UK Government Energy Strategy backs plans for new nuclear plant on Anglesey
The UK Government says it aims to speed up plans for a new nuclear power station on Anglesey “as soon as possible this decade” as part of its newly-announced Energy Strategy.
Ministers say the plan to increase Britain’s nuclear capacity could mean up to eight new reactors are built, including the project at Wylfa.
A government agency to be called “Great British Nuclear” is being set up to develop the projects with “substantial funding.”
The strategy also includes the aim of increasing the number of offshore wind farms and licensing new North Sea oil and gas projects.
But it has been criticised by environmental campaigners for failing to deal with short-term energy problems without making the changes needed to end dependence on nuclear and fossil fuels.
Boris Johnson said that the strategy sets out “bold plans to scale up and accelerate affordable, clean and secure energy made in Britain, for Britain – from new nuclear to offshore wind – in the decade ahead.
Energy generation ended at the previous Wylfa power station on Anglesey in 2015. Subsequent plans to build a new plant known as Wylfa Newydd or Wylfa B, collapsed in 2020 when the Japanese company behind it pulled out.
Two American companies, Westinghouse and Bechtel, have been in talks with the UK Government to revive the project.
Welsh Secretary Simon Hart is meeting the firms on Thursday as he visits the Vogtle nuclear power plant which they’re building in Georgia.
The news has been welcomed by the nuclear industry.
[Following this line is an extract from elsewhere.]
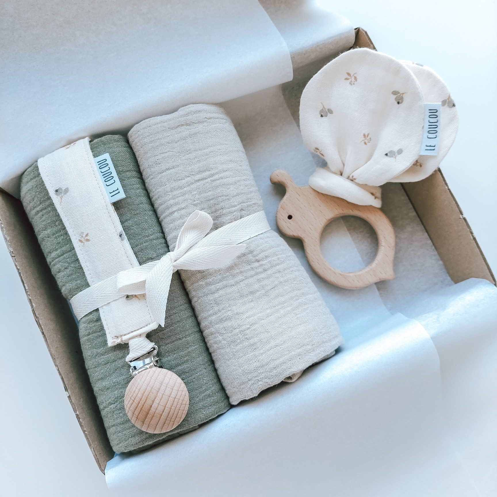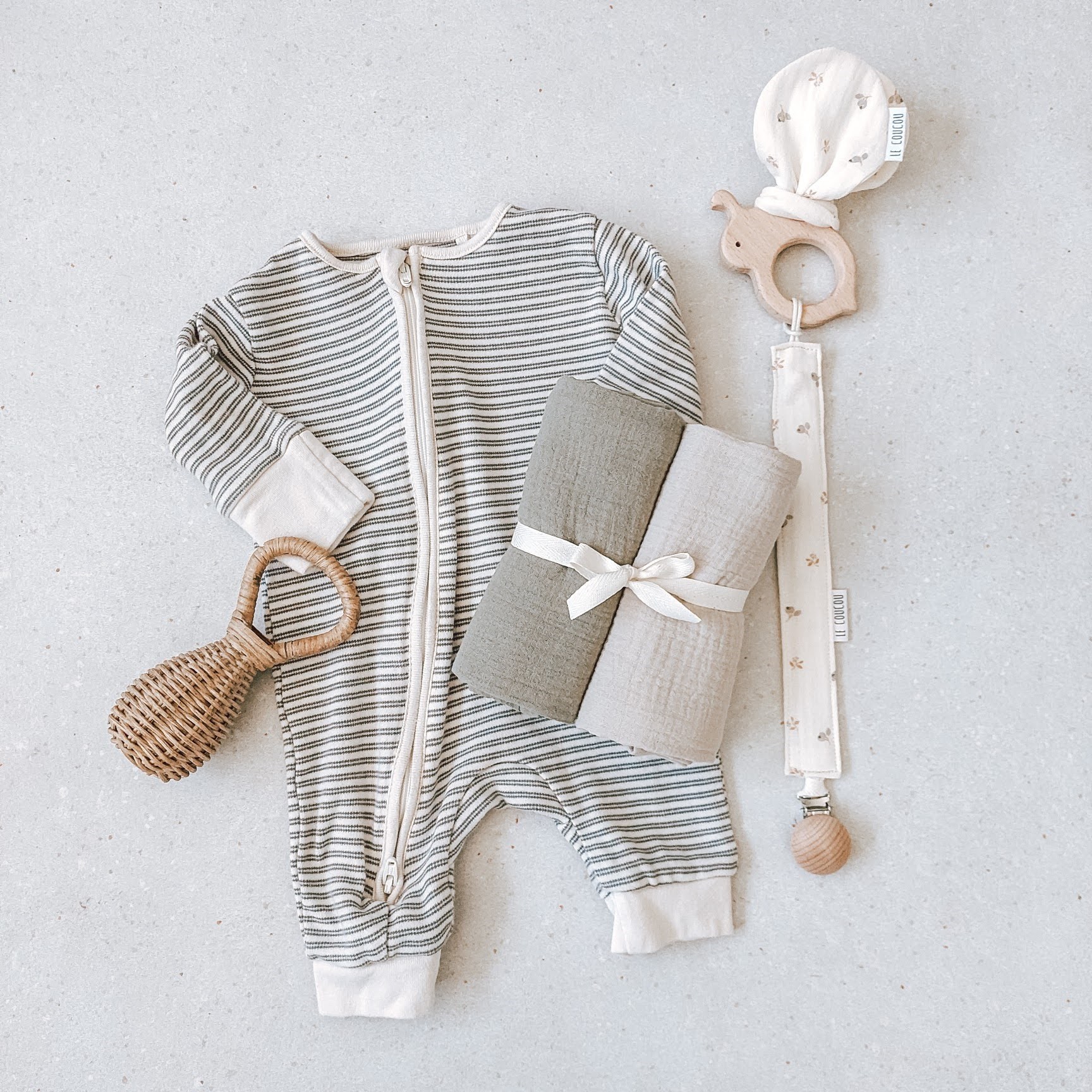 Zestaw wyprawkowy to gotowy pomysł na nietuzinkowy podarunek, zapakowany jak na zdjęciu.

According to Tom Greatrex, the Chief Executive of the UK Nuclear Industry Association: “The new nuclear target of 24GW by 2050 is a vital step forward for UK energy security and our net zero future. Investing in fleets of large and small scale stations is essential to securing clean, affordable, British power which will work alongside renewables to cut our dependence on gas.
“This investment will also create tens of thousands of jobs across the country and revitalise a world class skills base right here in Britain. The ambition and determination to do much more and quicker is very welcome.”
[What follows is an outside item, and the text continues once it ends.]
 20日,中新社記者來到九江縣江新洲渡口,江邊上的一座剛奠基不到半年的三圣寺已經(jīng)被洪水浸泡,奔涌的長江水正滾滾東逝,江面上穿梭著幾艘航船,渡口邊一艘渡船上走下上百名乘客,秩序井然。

However environmental campaigners have been critical.
Neil Crumpton from the group People Against Wylfa B (PAWB) has criticised the new emphasis on nuclear.
“The Prime Minister should not be making 'gung-ho' comments about 'taking bets on nuclear power’.
“It is a complex and radio-toxic technology. The UK should be showing the world how wind and solar energy, when backed-up by hydrogen-fired power stations, would provide reliable electricity to consumers no matter what the weather or season.”
Greenpeace has criticised the strategy for prioritising nuclear power which it calls “an eye-wateringly expensive and unreliable form of energy.”
The group’s Head of Policy Rebecca Newsom said, “the government could have chosen to power ahead with quick, cost-effective and fair solutions like taxing oil and gas companies’ mega-profits, investing more to cut energy waste from homes, and unblocking planning barriers for cheap and popular onshore wind.
“Instead, while there are some improvements on renewables targets, they have prioritised slow solutions, dishing out rewards to vested interests in the nuclear and the oil and gas industries, which won't tackle the cost of living crisis or reduce our dependence on gas.